Tuesday, March 22, 2011

What We Mean When We Talk About Measurements and Metrics: CIL Day One

I’m on record as complaining that library schools and MLS/MLIS programs aren’t rigorous enough. It seems that anyone can get in, GRE scores aren’t required for most programs, and once you’re in, it’s hard to get less than a B (or 3.0) average. This has real world consequences.
First, much like other post-graduate programs that involve education and teaching, there’s a lack of respect when it comes to libraries and librarians that stem, in part, from this lack of rigor. We’re easy to pick on and an easy target.
A second consequence was on display at the first day of the Computers in Libraries conference, here in Washington, DC. Both sessions I attended were marred by a lack of measurement, or by a lack of anything resembling social science, in its many forms. Of the 62 ALA-accredited schools that grant MLS/MLIS degrees none require a research methodology course. Zero. None. (UPDATE on 7/6/11: take a bow, University of Washington! You require methodology coursework.) The end result is that we graduate without knowing how to know. Assuming that there is a knowable world out there, a positivist conceit on my part throughout this post, I’m dismayed by how much librarians don’t know about designing experiments and measuring their results.
Take social media as a hypothetical example. Prior to implementing a social media strategy, one should take the current state of affairs as a baseline. There are many ways to measure this, and, in fact, it should be measured in many ways because most things out there are multifaceted. So, how many unique hits does your website get per month? How about overall visitors? Are programs at the building well-attended? What qualifies as well-attended in the first place? Are patrons satisfied, based on conversations with them (something like a focus group) or surveys? This isn’t exciting, but it’s important. Next, what does success look like? We ask this question regarding Iraq, Afghanistan, and now Libya, and it should be asked for less serious matters as well. Once you implement a program, what do you expect to happen, and why?
Are your users on Facebook, Twitter, both, something else? Do they express a desire to “tag” the catalog via LibraryThing or something similar? How do they want to interact with your library? Implement your program based off what you've found, and compare data with the previous state of affairs. That's science.
Every single one of our daily interactions in a library is a data point. It’s a piece of information that tells us something. Leverage that. It doesn’t have to be a number. I know that math, and statistics, can be scary sometimes, and that ethnographic research can be nuanced and illuminating. There are many roads to Damascus.
So if your library wasn’t on Facebook and now it is, tell me what changed, and why. Did you get more visitors, both virtual and physical? Are the patrons more satisfied, as measured somehow? That’s science, and it’s time library schools put it back in “Library and Information Science.” It’s also time that conferences asked presenters for some rigor and analysis, instead of just telling stories (Update: I'm not anti-story; stories are emotional, I mean this in a good way, and help us connect to patrons, donors, and the outside world. They're great in annual reports, as are metrics. Stories with data are the best of both worlds). Although we’re not all academic librarians, being a librarian is an academic enterprise. Isn’t it time we acted like that?

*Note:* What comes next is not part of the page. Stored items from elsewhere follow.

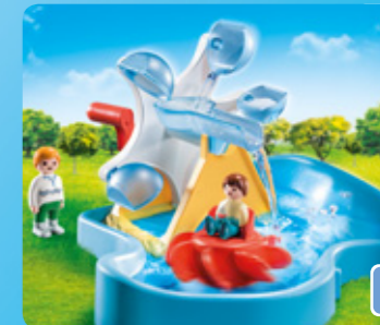
70268 WASSERRAD MIT KARUSSELL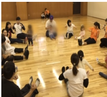
親子でスキンシップ(w-up)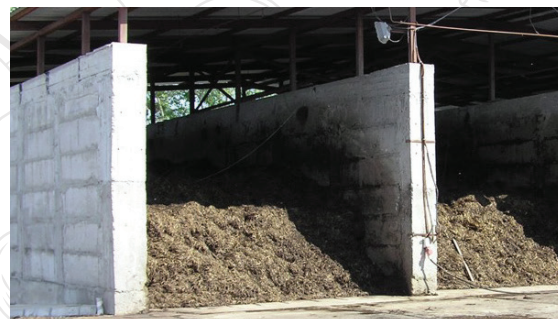
Фаза I. Ферментація компосту у відкритому бункері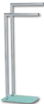
PIANTANA PORTA ASCIUGAMANI In leghe metalliche e vetro temperato sabbato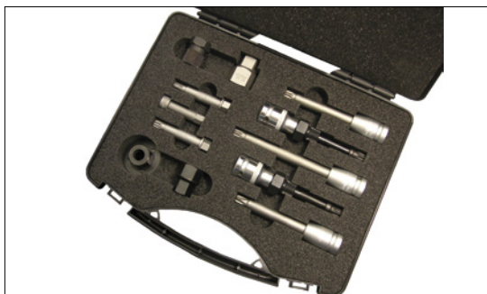
Foto3: Narzędzie specjalne INA - 400 0241 10

Należy stosować się do zaleceń producenta pojazdu!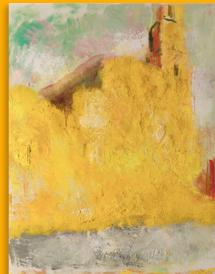
Mur jaune, 1988 Huile sur bois Non signé, non daté Collection privée

« À mon goût je n'aurais peint qu'un seul tableau. Il serait une synthèse du jour et de la nuit, le paysage des tropiques [...], l'hiver et l'été, l'automne et le printemps. Un paysage total, unique, qui comprendrait et définirait à lui seul toute la vie, le monde entier. »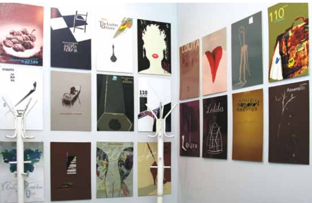
Плакаты на темы произведений Набокова (выставка работ студентов-дизайнеров СПбГУ)

Однако создание музея в доме стало возможно только после «открытия» Набокова в России. Уже в начале девяностых годов в одной из комнат первого этажа была открыта небольшая экспозиция; постепенно музей рос и теперь занимает весь первый этаж. Официально музей открылся в 1999 году, к столетию со дня рождения Набокова. Первые девять лет он существовал как общественный музей, а с 2008 года музей вошел в состав Санкт-Петербургского государственного университета.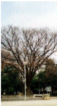
智恵光院笹屋町下ル 高さ 14.5m 枝張 20.0m 幹周 2.32m にれ科 / 落葉高木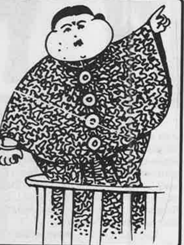
செ: இதற்கான பதிலை கலைஞர் தான் கூறவேண்டும். நீ: ஏன் அவர் கூறவேண்டும்? செ: புலிகளது நடமாட்டத்தை எப்போது கட்டுப்படுத்தி முடிப்பார் என்பதை அவர் கூறட்டும். பின்னர் நான் கூறுகிறேன் பதிலை. (நீதிபதிக்கு தலை சுற்றுகிறது)

செல்வி: ஹா ஹா ஹா, வழக்கு, கணக்கு, பிணக்கு யாரிடம் நடத்துகிறீர்கள் விசாரணை? யாரிடம் அனுப்புகிறீர்கள் சம்மன்? நீதிபதி: நான்தான் நீதிபதி. செல்வி: நீர் நீதிக்கு அதிபதி. நான் நாட்டுக்கே அதிபதி. நான் விரலசைத்தால் அரகம் ஆடும். அமைச்சர்களின் சிரகம் ஆடும். நீ: அதிகாரமான பேச்சு செ: அது என் கூடப்பிறந்த குணம். நீ: நீதிக்கு தலை வணங்குங்கள்! செ: என் முன்னால் அடுத்தவர் தலை வணங்கித்தான் பார்த்திருக்கிறேன். என்னையே தலை வணங்கச் சொல்கிறார்? நீ: உங்கள் வழக்கு பற்றி என்ன கூறுகிறீர்கள்? செ: தமிழ் நாட்டில் புலிகள் நடமாட்டம் அதிகமாகி விட்டதால் நான் எக் கேள்விக்கும் பதில் சொல்ல முடியாது. நீ: அதற்கும் இதற்கும் என்ன சம்மந்தம். செ: புலிகள் குறிவைக்கக்கூடும் என்று பயந்து கொண்டிருப்பதால், உங்கள் கேள்விகளுக்கு சரியாக பதிலளிக்க முடியாது. நீ: எப்போதான் பதில் கூறப்போகிறீர்கள்?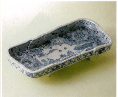
01810-136 9,800円 251322605 御深井山水切立長角大皿(380×190×75mm)

UPDATE: 3/9/12 - a new post on a related topic, the rigor of MLIS programs.


  1. I had a social science research methods class when I took my MLS at Clarion University of Pennsylvania.

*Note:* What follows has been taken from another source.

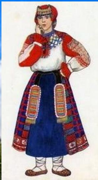
Костюм девушки Воронежской губернии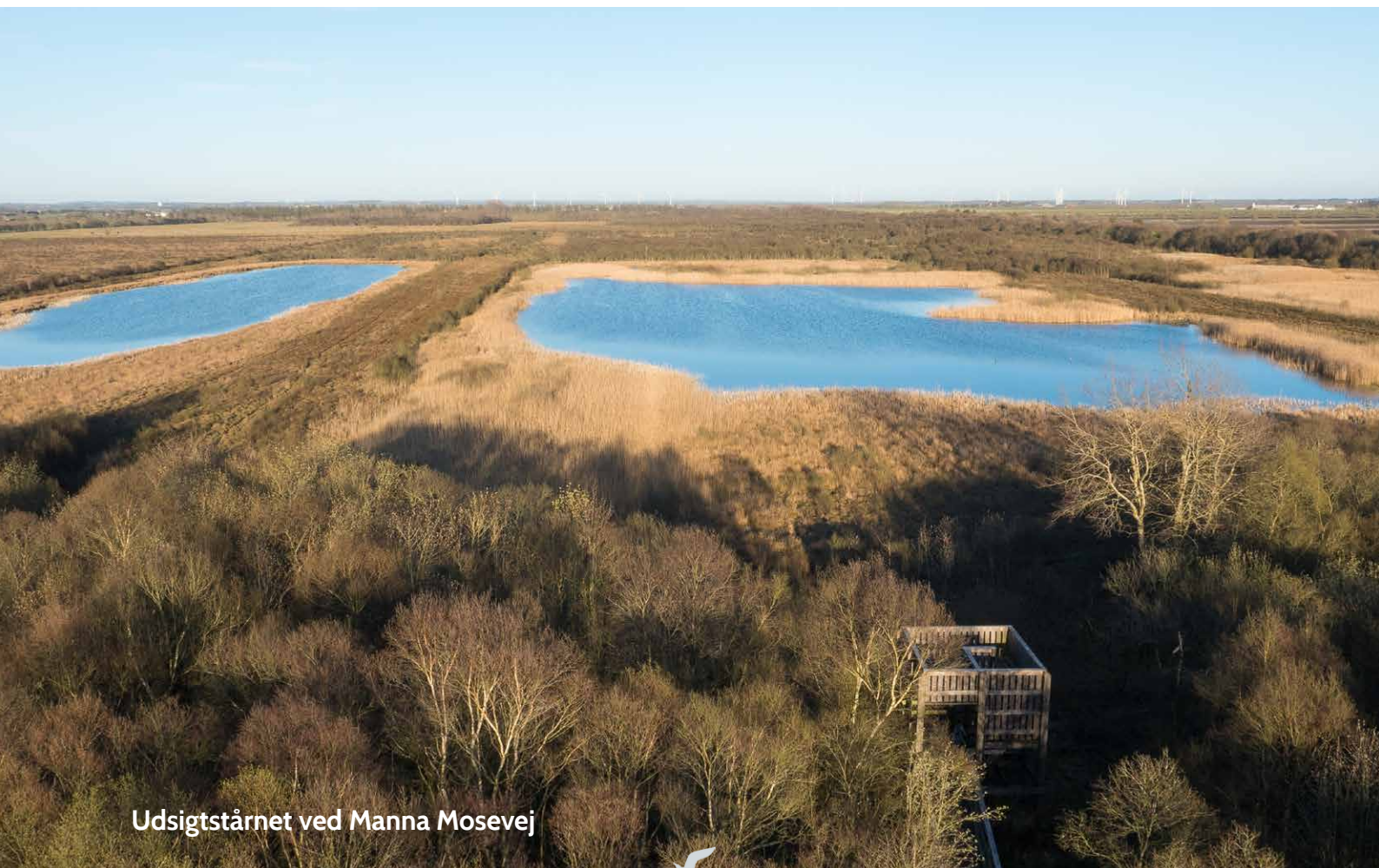
Udsigtstårnet ved Manna Mosevej

*Naturstyrelsens indsats beskrives i bilag 1.

  2. Required? I took one at UNC through WISE; I got my MLIS at Pitt.

  3. Hi Jake,

    I too have a quibble about what would otherwise be a pretty damning statistic. I am getting my MLIS at the University of Washington, and our program does require a research methods class.

    However, I agree with the overall sentiment of this post. I'm really interested in assessment in libraries, and I'm actually getting a Masters in Public Administration in part to boost my ability to do things like measuring the activities and impact of libraries. Though my program does require research methods, I don't think it is a class that many of my fellow students are eager to take. I'm also not sure if it is really preparing students to do the kind of assessment you are talking about. This is in part because regular, integrated assessment still isn't common practice in libraries, and there aren't professional or industry standards for what to measure and what those measurements mean.

    I wish that I was being better prepared to do this kind of thing, while I'm still in school. Instead I think I'll be figuring a lot of it out on my own.